“Mao ve onun izinden giden Kamboçyalı komünist diktatör Pol Pot’un ortak özelliği, eğitimli kişilerden nefret etmeleriydi. Mao, akademik eğitim alan doktorlardan nefret edip, hepsini Batı ajanı olarak suçlamış, hastâneleri, akupunktur denilen ilkel yöntemle tedâvi etmeye çalışan eğitimsiz kişilerle doldurmuştu. Dolayısıyla, kısa sürede milyonlarca kişi ölünce, geri adım atmıştı. Ama yine de eğitimli kişileri aşağılamaktan geri durmamıştı.
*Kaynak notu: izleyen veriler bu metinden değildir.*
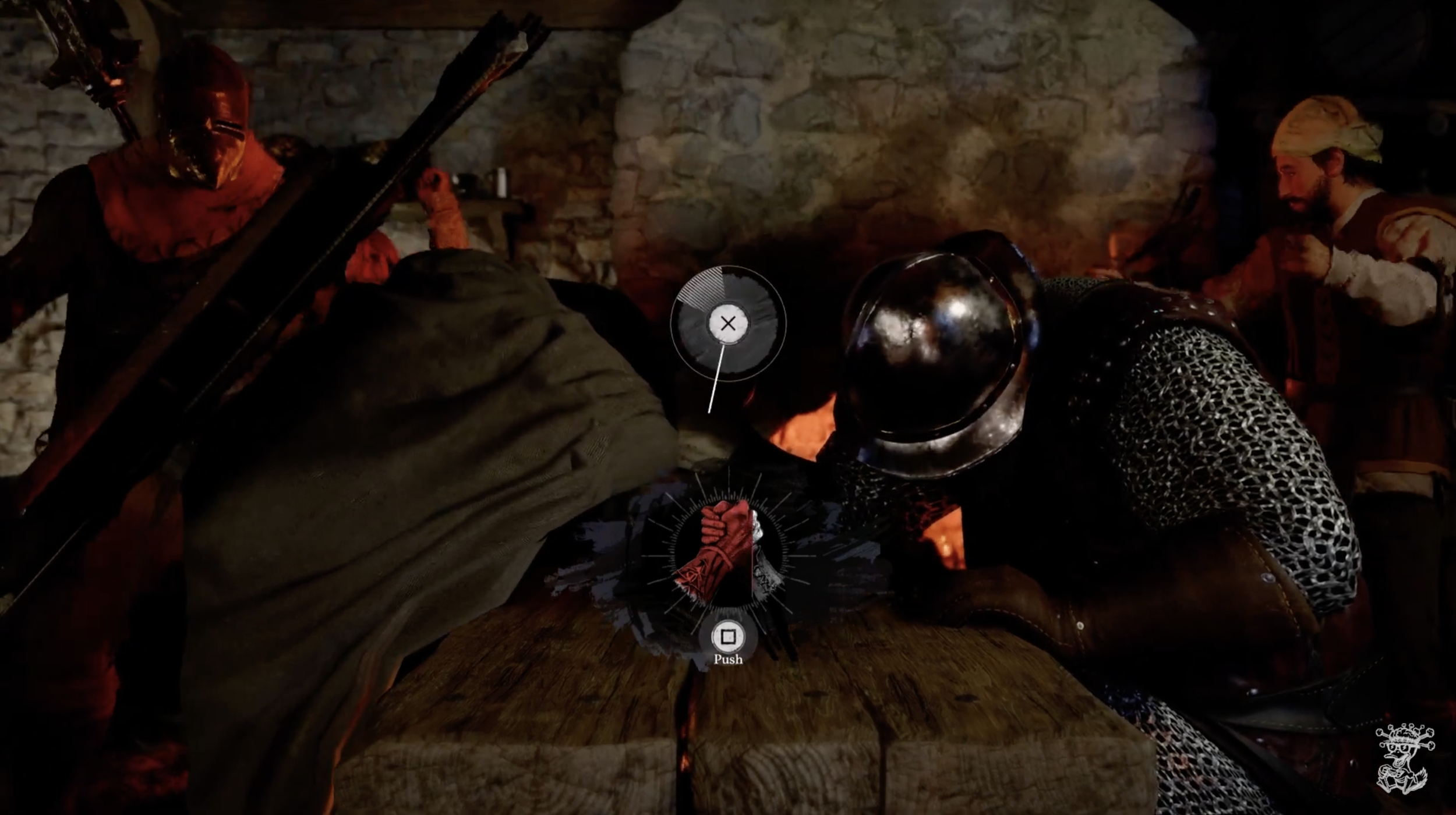 Once you’re done talking to her, move straight ahead to the table in the middle of the room where there is an arm wrestling competition going on. Hold L1 and aim at the table until you see the dialogue to start the competition.

Pol Pot’un yaptıkları ise daha da uç boyutlardaydı. Bütün üniversite me’zûnlarını tarlalarda çalışmak zorunda bırakmış ve milyonlarca insanı öldürmüştü. Öyle ki, kot pantolon giymek bile Batı ajanı olarak suçlanıp, öldürülmeniz için yeterliydi.
Maâlesef, Türkiye’de de son yıllarda eğitimli olmaya yönelik benzeri bir bakış yükseliyor. Kimisi adâlet (!) adı altında, ülkede herkesin aynı ücreti alması gerektiğini savunurken, kimisi öğretmen, mühendis ya da doktorla, asgârî ücretle çalışan biri arasında ne fark olduğunu sorabiliyor. Kimisi hemşîrelerin ya da sağlık çalışanlarının da kısa süreli bir eğitimin ardından doktor yapılabileceğini savunurken; kimisi de öğretmenlerin yan gelip yatarak para kazandığını söyleyebiliyor.
Bugün Türkiye’de 90 bin öğretmen, kadro sâhibi olmadan, “ücretli” sınıfında ve aşağı yukarı asgârî ücretin yarısı kadar ücret alıyor. Ödenen sigorta primleri ise 180 günü bile bulmuyor. Özel okullardaki, dershânelerdeki durumlar ortada. Asgârî ücretin az biraz üzerinde çalışan on binlerce öğretmen. Sanki birileri, ülkenin genelinde çalışan insanların ücretlerini asgârî ücrete çekmek istiyor. Bunu eşitlik ya da adâlet sanan birçok geri zekâlı da buna çanak tutuyor. Ülke, hiçbir iş güvencesi olmayan, yarınını düşünemeyen, planlayamayan milyonların ülkesi olmaya doğru gidiyor.
Bunun tehlikeleri üzerinde konuşmak, Türkiye açısından en önemli konu olmalı.”